Reputation: 113
I have installed Apache Nutch 2.3.1 on top of Hadoop(2.5.2) multi node clusters (AWS EC2 machines). I have configured Nutch files accordingly(On master node). I have moved seed.txt file(which has urls to be crawled) from master to Hdfs file system. Now, I run the following command to crawl,
bin/hadoop jar /home/ubuntu/nutch/runtime/deploy/apache-nutch-2.3.1.job org.apache.nutch.crawl.Crawl urls -dir crawl -depth 1 -topN 5
I'm getting error,
Exception in thread "main" java.lang.ClassNotFoundException: org.apache.nutch.crawl.Crawl
at java.net.URLClassLoader.findClass(URLClassLoader.java:381)
at java.lang.ClassLoader.loadClass(ClassLoader.java:424)
at java.lang.ClassLoader.loadClass(ClassLoader.java:357)
at java.lang.Class.forName0(Native Method)
at java.lang.Class.forName(Class.java:348)
at org.apache.hadoop.util.RunJar.main(RunJar.java:205)
I have installed java - 1.8.0_151. I found that Crawl Class in not found in this java version. So, should we replace java1.8 with java1.7 version or issue is with other thing.

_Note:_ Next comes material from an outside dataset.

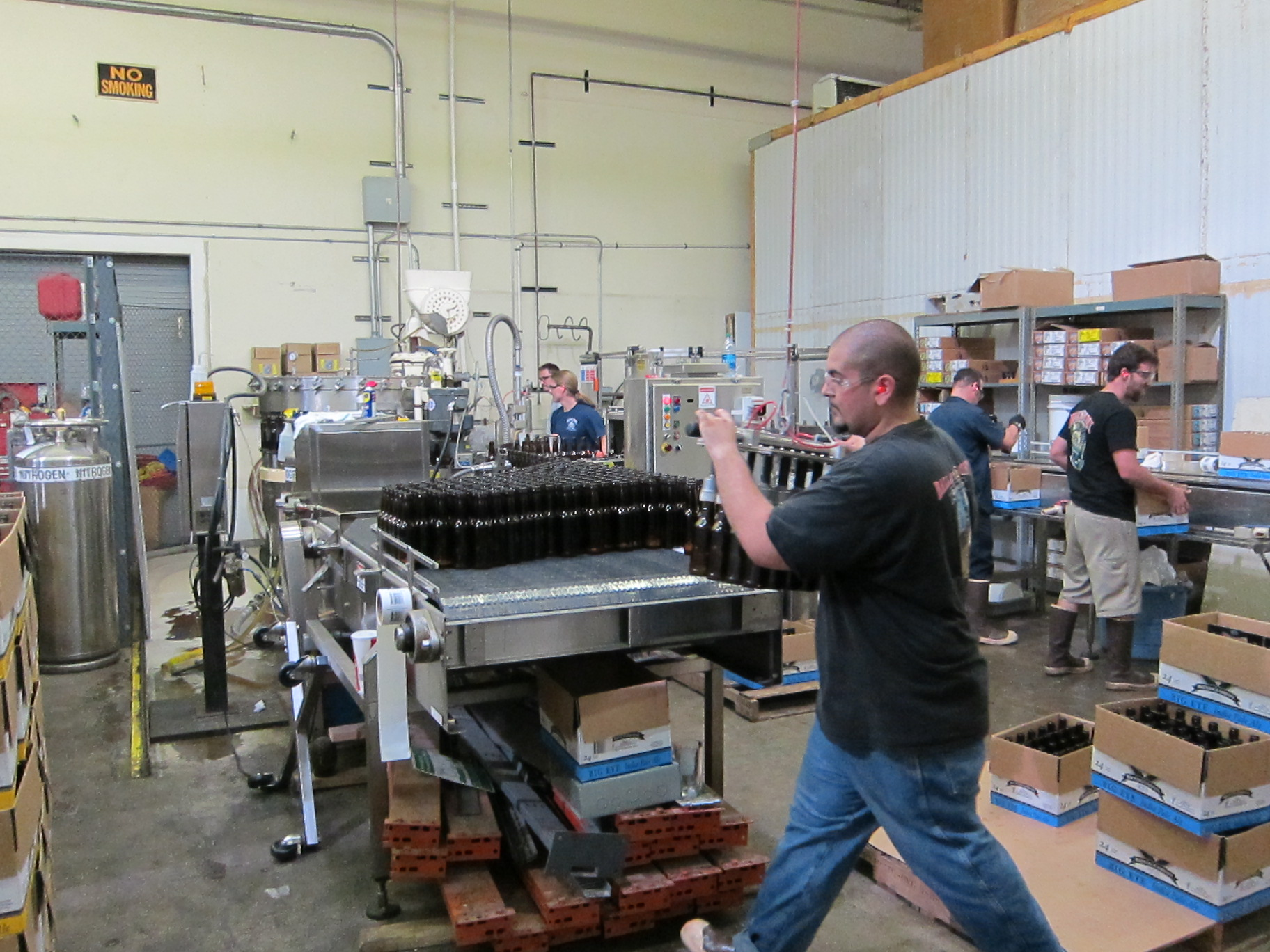 Bottling line at Ballast Point Brewing Company
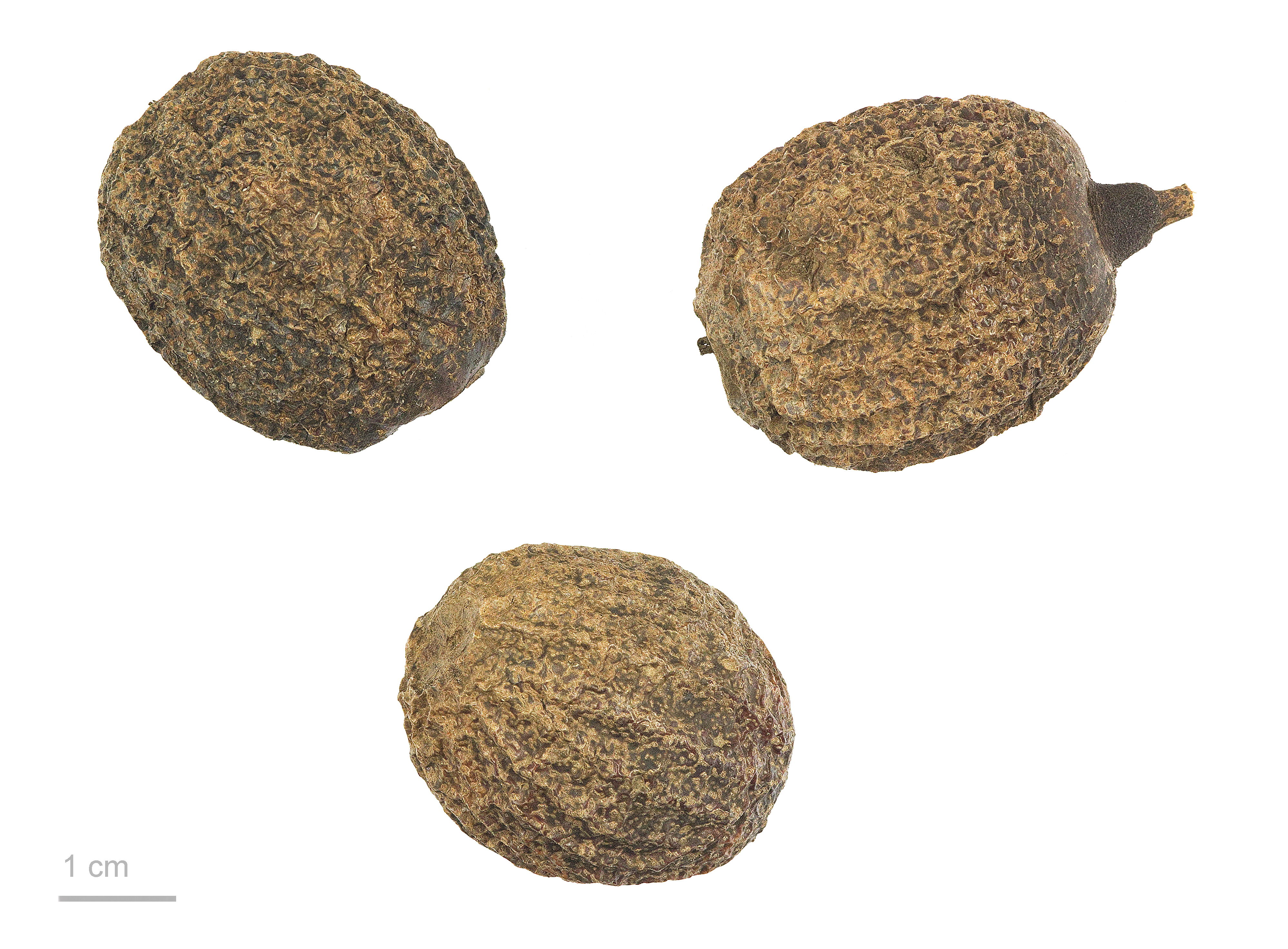 dove tree , fruits and seeds

Help me out of this issue.
Upvotes: 0
Views: 287
Reputation: 2239
The class org.apache.nutch.crawl.Crawl
has been removed since many years. It's recommended to run the shell script bin/crawl instead. It will launch Hadoop jobs for every step of a crawl: inject, generate, fetch, parse, etc. Alternatively, you can run each step via bin/nutch, cf. https://wiki.apache.org/nutch/Nutch2Tutorial
Upvotes: 3